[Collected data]
______________________________

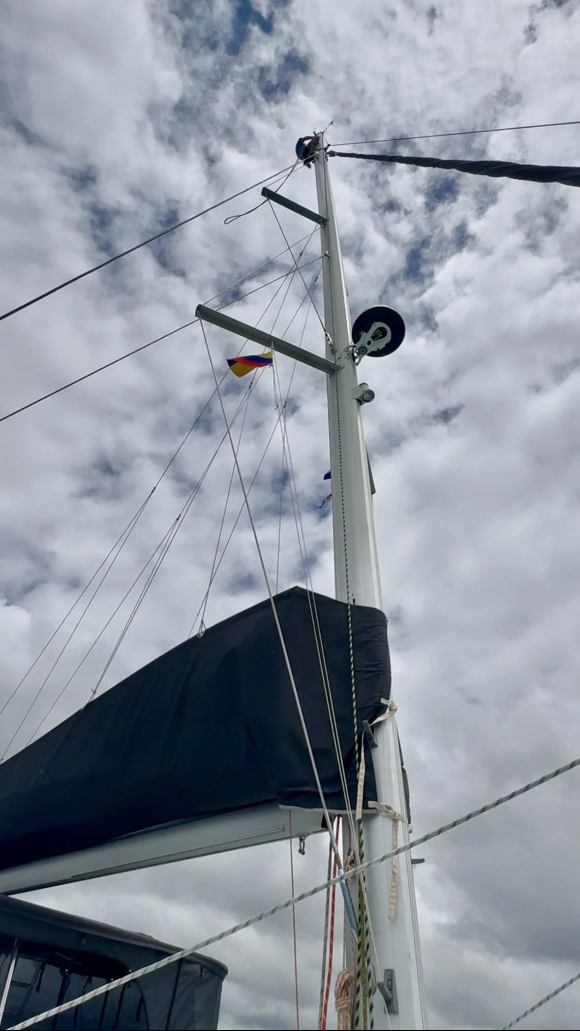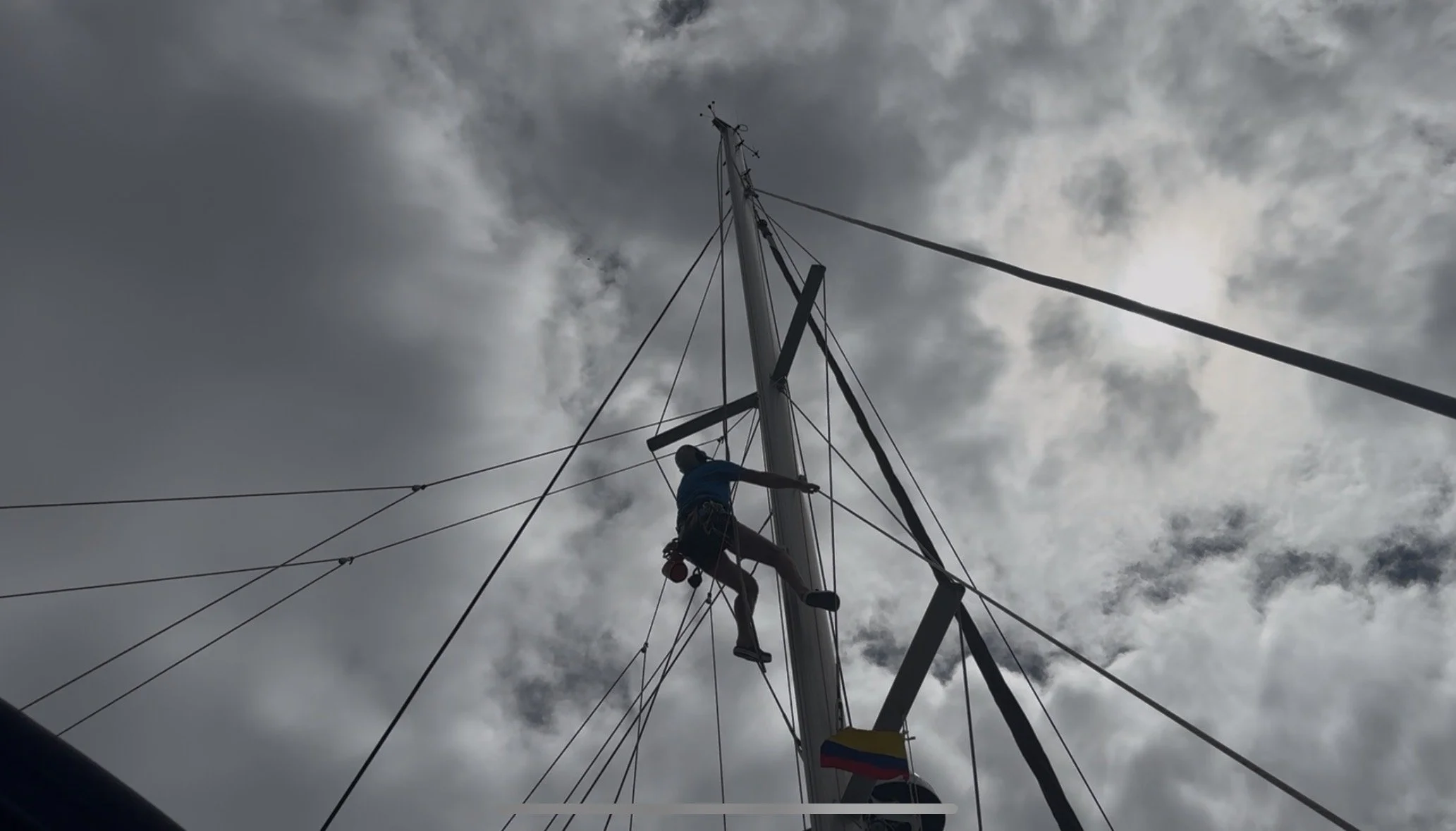 Die Dirk (Leine, die speziell dafür konzipiert ist, den Baum, also den horizontalen Mast, zu stützen und zu positionieren. Sie erstreckt sich vom Masttop, dem höchsten Punkt des Mastes, bis zur Baumnock, dem äußersten Ende des Baums.) hatte sich gelöst und hatte sich im oberen Bereich des Mastes verwickelt.
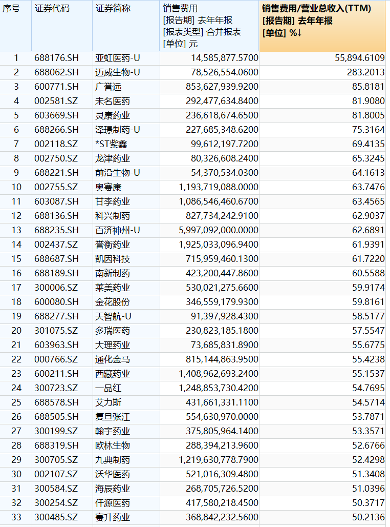 Wind数据显示,A股申银万国行业类医药生物板块中,除了部分尚未盈利的医药企业,2022年销售费用占营业总收入比重超50%的共有29家。8月7日,澎湃新闻记者以投资者身份随机联系了6家销售费用占总营收比重超50%的企业,广誉远(600771)、科兴制药(688136)、凯因科技(688687)、龙津药业(002750)、通化金马(000766)、誉衡药业(002437)等公司均表示,反腐行动对公司没有影响或影响较小。
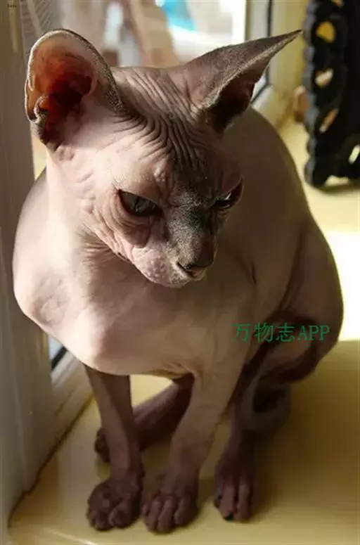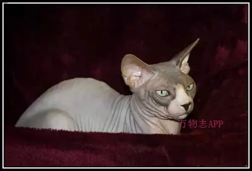 加拿大无毛猫 斯芬克斯猫又名斯芬克斯无毛猫。早在1700年前就有南美墨西哥土著居民饲养过这种无毛猫的记载。但直到该品种在猫展中获得成功人们才开始注意它,并对它产生兴趣。TlCA承认该品种,此种猫在2005年被认定为稀有品种。
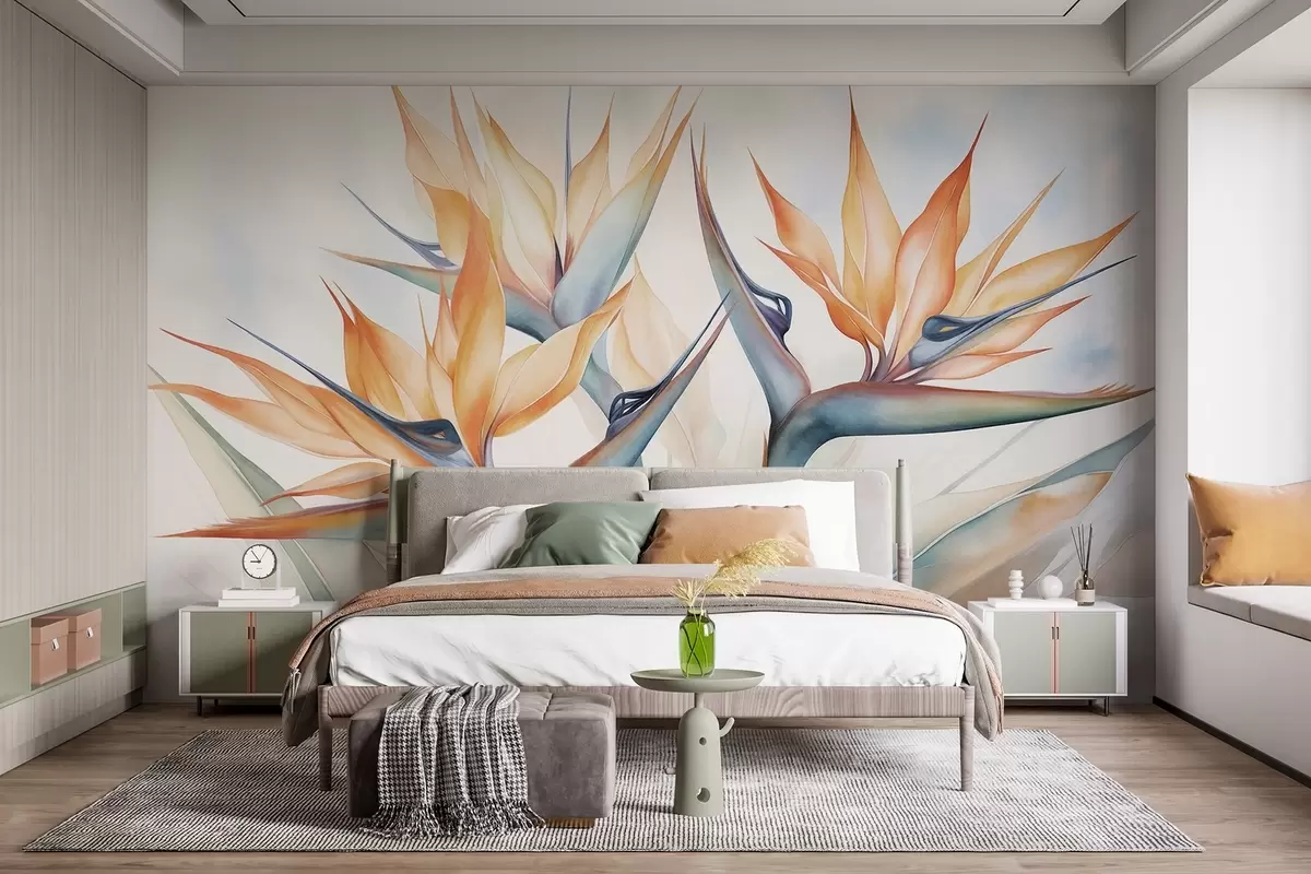 Fototapety Kvetina rajského vtáka, strelitzia s oranžovými okvetnými lístkami, jemný akvarelový štýl, svetlé pozadie Nr. w09483
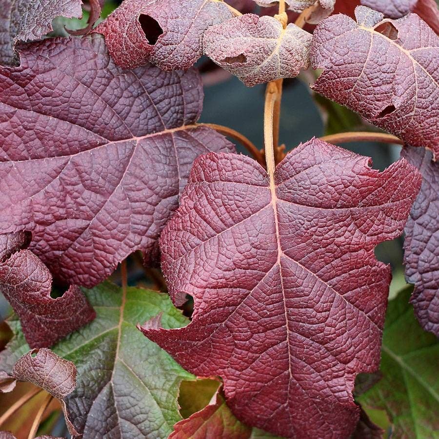 A remarkable garden specimen, Gatsby Moon® Oakleaf Hydrangea sets massive foliage and blooms that are both worthy of inspection. The huge leaves make this shrub stand out all year long, especially when they turn a deep red in the fall. The blooms set ample cones of double white florets, creating a rich and varied texture. These blooms open a vibrant white and slowly take on lime tinges as they mature. And each bloom has plenty of time to mature, as Gatsby Moon® blooms for months on end, keeping the flowers coming all summer long. Wonderfully weather resistant, nothing will stop these blooms from putting on their show.
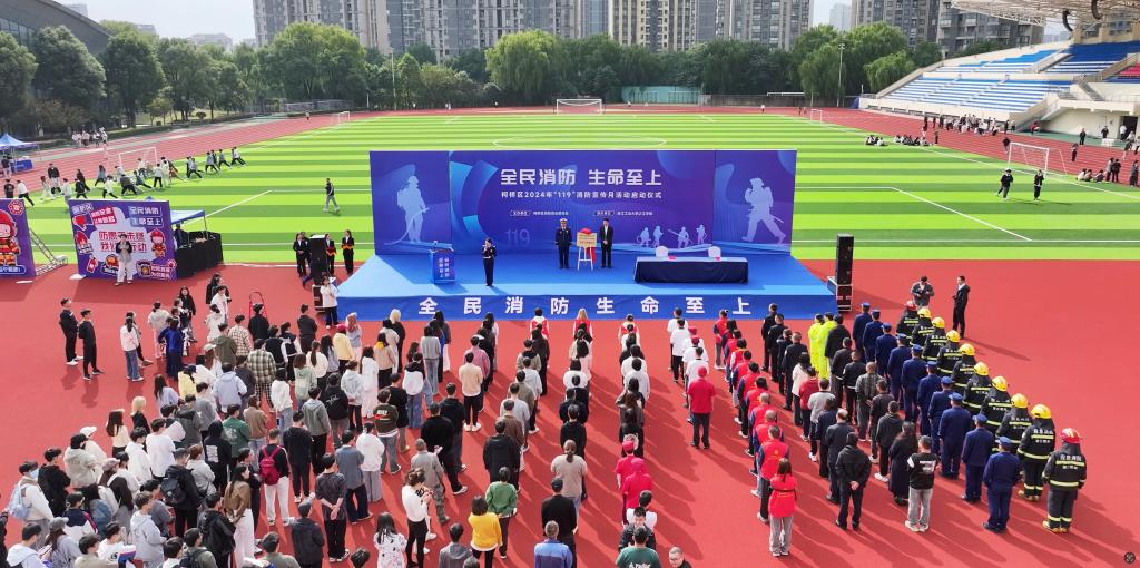11月5日,柯桥区“119”消防宣传月启动仪式在学院操场举行。本次活动以“全民消防,生命至上”为主题,旨在广泛动员社会各界积极参与消防工作,引导全社会共同关注消防安全、学习消防知识、掌握消防技能,从而全面提升人民群众的消防安全素质和自防自救能力。学院副院长王林祥、柯桥区消防救援大队大队长吕炜烽、学院相关部门负责人及师生代表300余人参加活动。

______________________________

Copy out every entry above verbatim. Leave each picture out.

 Die Dirk (Leine, die speziell dafür konzipiert ist, den Baum, also den horizontalen Mast, zu stützen und zu positionieren. Sie erstreckt sich vom Masttop, dem höchsten Punkt des Mastes, bis zur Baumnock, dem äußersten Ende des Baums.) hatte sich gelöst und hatte sich im oberen Bereich des Mastes verwickelt.
 Wind数据显示,A股申银万国行业类医药生物板块中,除了部分尚未盈利的医药企业,2022年销售费用占营业总收入比重超50%的共有29家。8月7日,澎湃新闻记者以投资者身份随机联系了6家销售费用占总营收比重超50%的企业,广誉远(600771)、科兴制药(688136)、凯因科技(688687)、龙津药业(002750)、通化金马(000766)、誉衡药业(002437)等公司均表示,反腐行动对公司没有影响或影响较小。
 加拿大无毛猫 斯芬克斯猫又名斯芬克斯无毛猫。早在1700年前就有南美墨西哥土著居民饲养过这种无毛猫的记载。但直到该品种在猫展中获得成功人们才开始注意它,并对它产生兴趣。TlCA承认该品种,此种猫在2005年被认定为稀有品种。
 Fototapety Kvetina rajského vtáka, strelitzia s oranžovými okvetnými lístkami, jemný akvarelový štýl, svetlé pozadie Nr. w09483
 A remarkable garden specimen, Gatsby Moon® Oakleaf Hydrangea sets massive foliage and blooms that are both worthy of inspection. The huge leaves make this shrub stand out all year long, especially when they turn a deep red in the fall. The blooms set ample cones of double white florets, creating a rich and varied texture. These blooms open a vibrant white and slowly take on lime tinges as they mature. And each bloom has plenty of time to mature, as Gatsby Moon® blooms for months on end, keeping the flowers coming all summer long. Wonderfully weather resistant, nothing will stop these blooms from putting on their show.
11月5日,柯桥区“119”消防宣传月启动仪式在学院操场举行。本次活动以“全民消防,生命至上”为主题,旨在广泛动员社会各界积极参与消防工作,引导全社会共同关注消防安全、学习消防知识、掌握消防技能,从而全面提升人民群众的消防安全素质和自防自救能力。学院副院长王林祥、柯桥区消防救援大队大队长吕炜烽、学院相关部门负责人及师生代表300余人参加活动。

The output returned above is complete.